November 12th, 2008

Statistical Analysis and A/B Testing

In this article we’re going to talk about how hypothesis testing can tell you whether your A/B tests actually effect user behavior, or whether the variations you see are due to random chance.

First, if you haven’t yet, read my previous introductory article on hypothesis testing. It explains the statistical principles behind hypothesis testing using the example of a biased coin. We’re going to move quickly beyond that and dive right into A/B testing.

Landing Page Conversion

You’re testing a landing page that has a signup form. You want to test various layouts to try and maximize the percentage of people who sign up. This percentage is called the “conversion rate,” i.e., the rate at which you convert visitors from passerbys to customers.

You have a four-way experiment with a control treatment and three experimental treatments.
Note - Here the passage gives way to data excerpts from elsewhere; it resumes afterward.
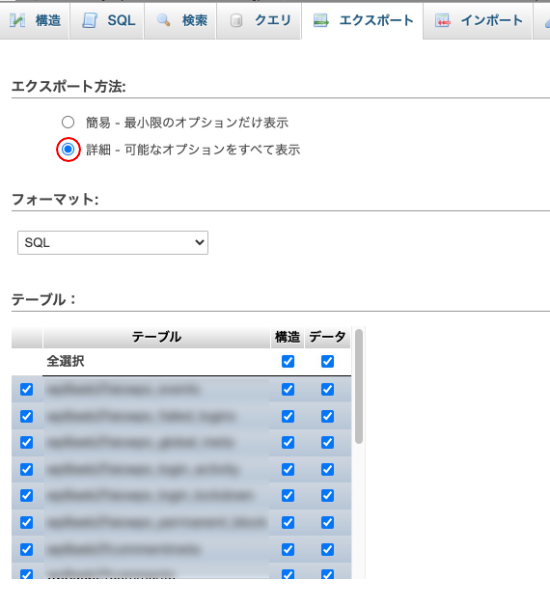 ※詳細にチェックを入れると、エクスポートするテーブルが選択できます。
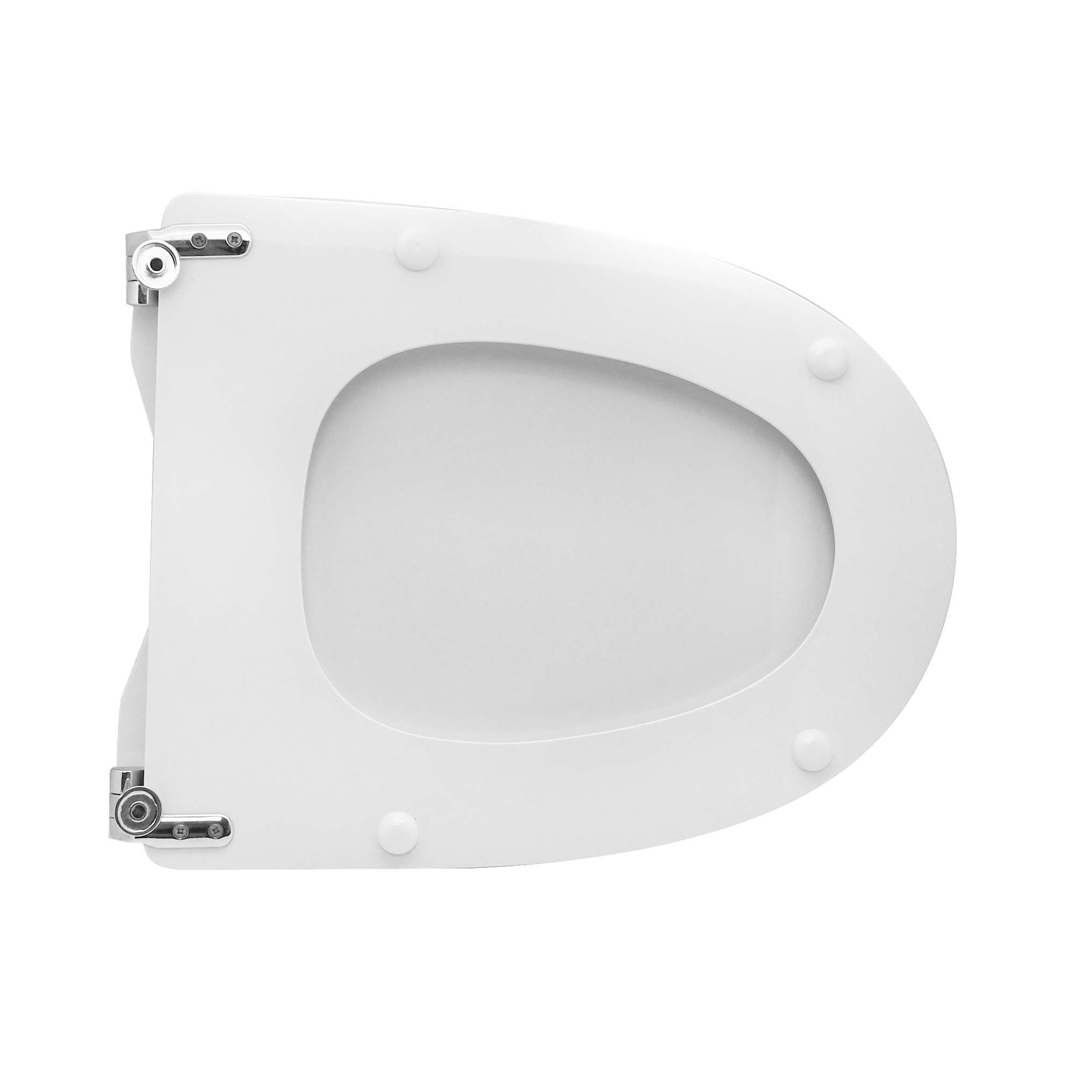Sedile (Forma tipo 4 - cerniere tipo A) dedicato a casa ceramica Hatria-Spea serie Majora. Dimensioni: Lunghezza cm 43; Larghezza cm 34; Interasse cerniere cm 27,5. mod. con cerniere fisse. Sedile in legno stabilizzato, colato in poliestere. Cerniere in ottone cromato e viti di fissaggio in acciaio inox.
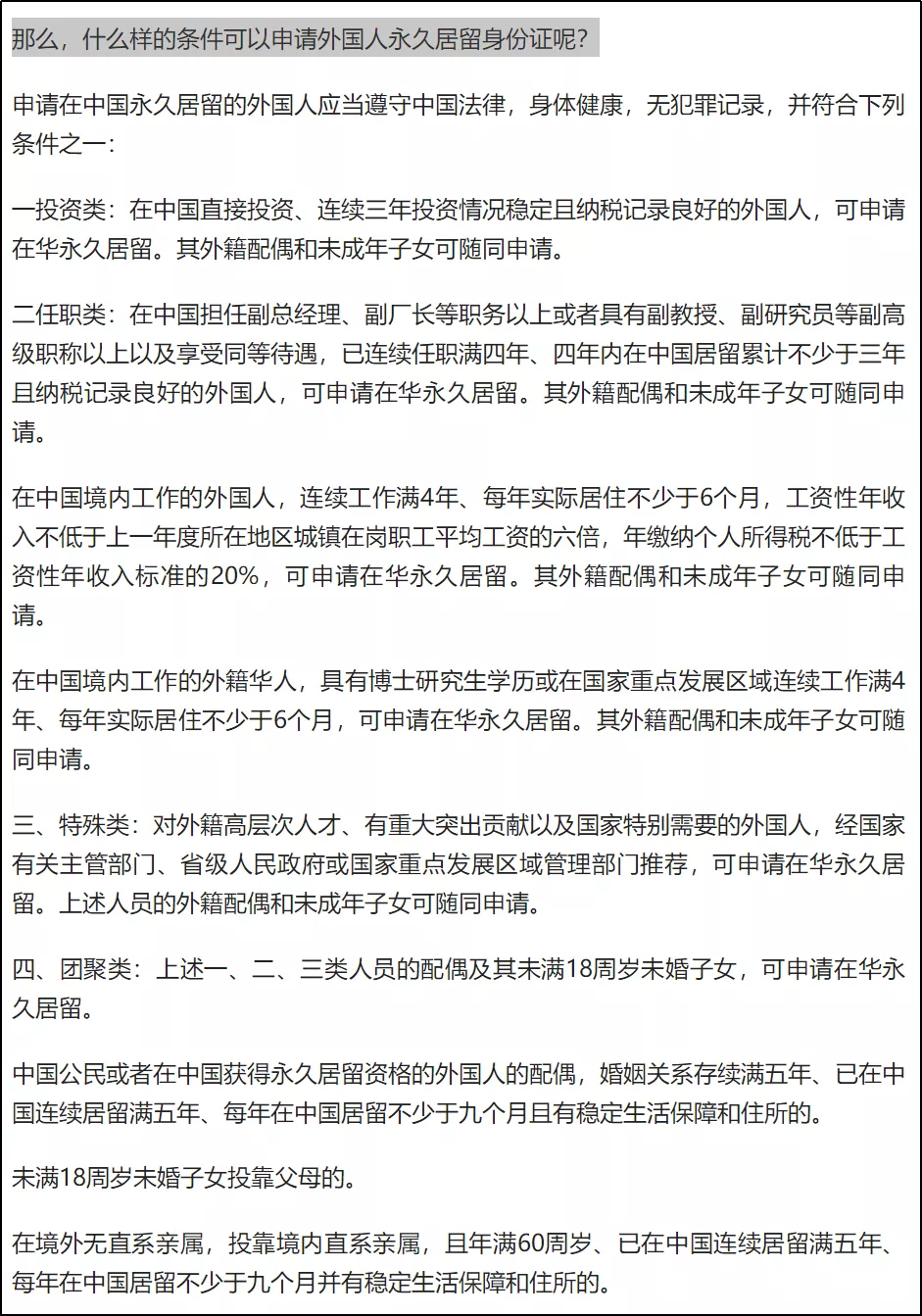 可以説,中國不是隨隨便便就能永久居留的,有條件限制的。
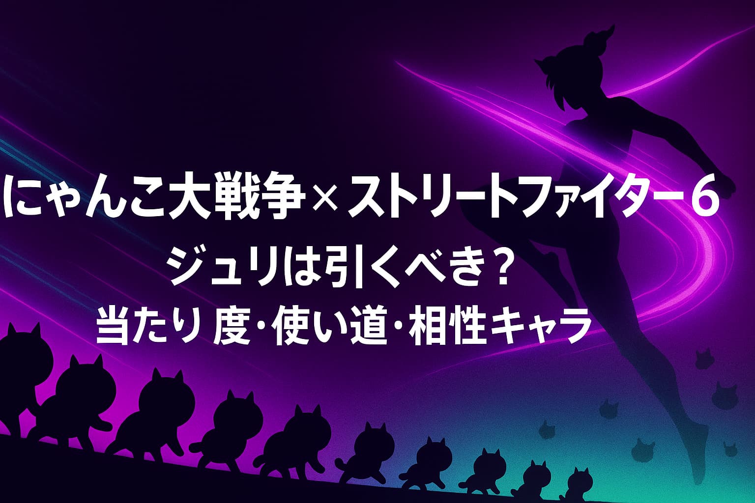 ふっと口角を上げて、相手の焦りを愉しむように——ストリートファイター6の「ジュリ」が、スマホの小さな戦場に降り立った。にゃんこ大戦争×ストリートファイター6の最新コラボは、ガチャがBLUE/REDの二分制、ゲリラ出現の「New Challenger」、最高難度「VERY HARD」まで一気呵成に畳みかけてくる。この記事では、開催情報の要点から、ジュリの評価・使い道・相性キャラ・編成までを一気に整頓。あなたの石と時間が、“悔い”ではなく“勝ち筋”に変わるよう、丁寧に導く。
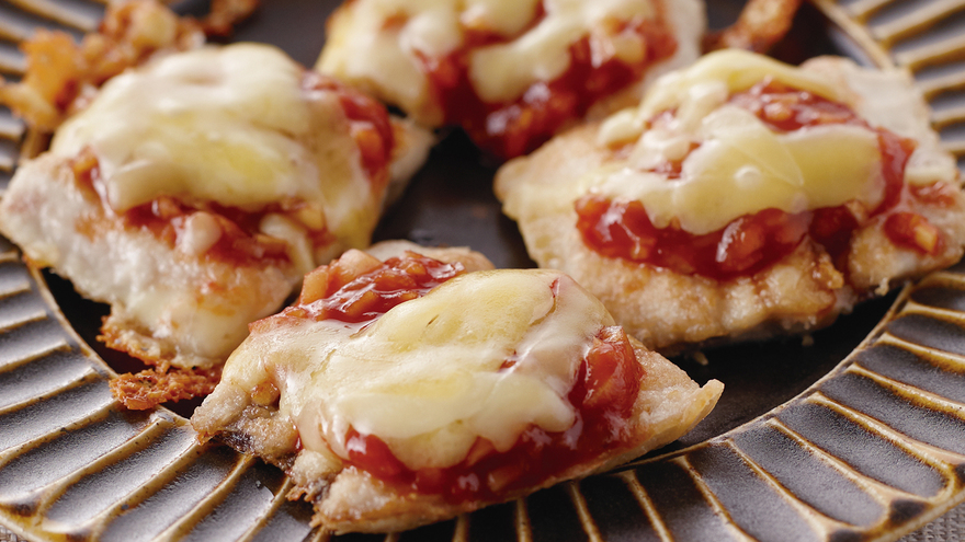 いったん火を止め、ペーパータオルで汚れや脂を軽くふく。【簡単ピザソース】をスプーンでぬり、ピザ用チーズをのせる。ふたをして再び中火にかけ、チーズが溶けるまで蒸し焼きにする。

How you pick your treatments is a subject worth discussing in its own right, but they should try to move the big levers: copy, layout, and size.

For this experiment we’ll just call the treatments control, A, B, and C. You can use your imagination.

Fake Data

Your totally awesome Project X is attracting users. You’ve analyzed your sales pipeline and the point with the highest potential impact is the landing page. You want increase the landing page conversion rate by at least 20%.

You create an A/B test with four treatments: control, A, B, and C. Here is the data you collect:

Project X Landing Page
Treatment Visitors Treated Visitors Registered Conversion Rate
Control 182 35 19.23%
Treatment A 180 45 25.00%
Treatment B 189 28 14.81%
Treatment C 188 61 32.45%

From the data both treatments A and C show at least a 20% improvement in the landing page performance, which was our goal. You might declare Treatment C “good enough,” choose it, and move on. But how do you know the variation isn’t due to random chance? What if instead of 188 visitors treated we only had 10 visitors treated? Would you still be so confident?

As usual we’re aiming for a 95% confidence interval.

Hypothesis testing is all about quantifying our confidence, so let’s get to it.

The Statistics

Remember, we need to start with a null hypothesis. In our case, the null hypothesis will be that the conversion rate of the control treatment is no less than the conversion rate of our experimental treatment. Mathematically

H_0: p - p_c \le 0

where pc is the conversion rate of the control and p is the conversion rate of one of our experiments.

The alternative hypothesis is therefore that the experimental page has a higher conversion rate. This is what we want to see and quantify.

The sampled conversion rates are all normally distributed random variables. It’s just like the coin flip, except instead of heads or tails we have “converts” or “doesn’t convert.” Instead of seeing whether it deviates too far from a fixed percentage we want to measure whether it deviates too far from the control treatment.

Here’s an example representation of the distribution of the control conversion rate and the treatment conversion rate.

The peak of each curve is the conversion rate we measure, but there’s some chance it is actually somewhere else on the curve. Moreover, what we’re really interested in is the difference between the two conversion rates. If the difference is large enough we conclude that the treatment really did alter user behavior.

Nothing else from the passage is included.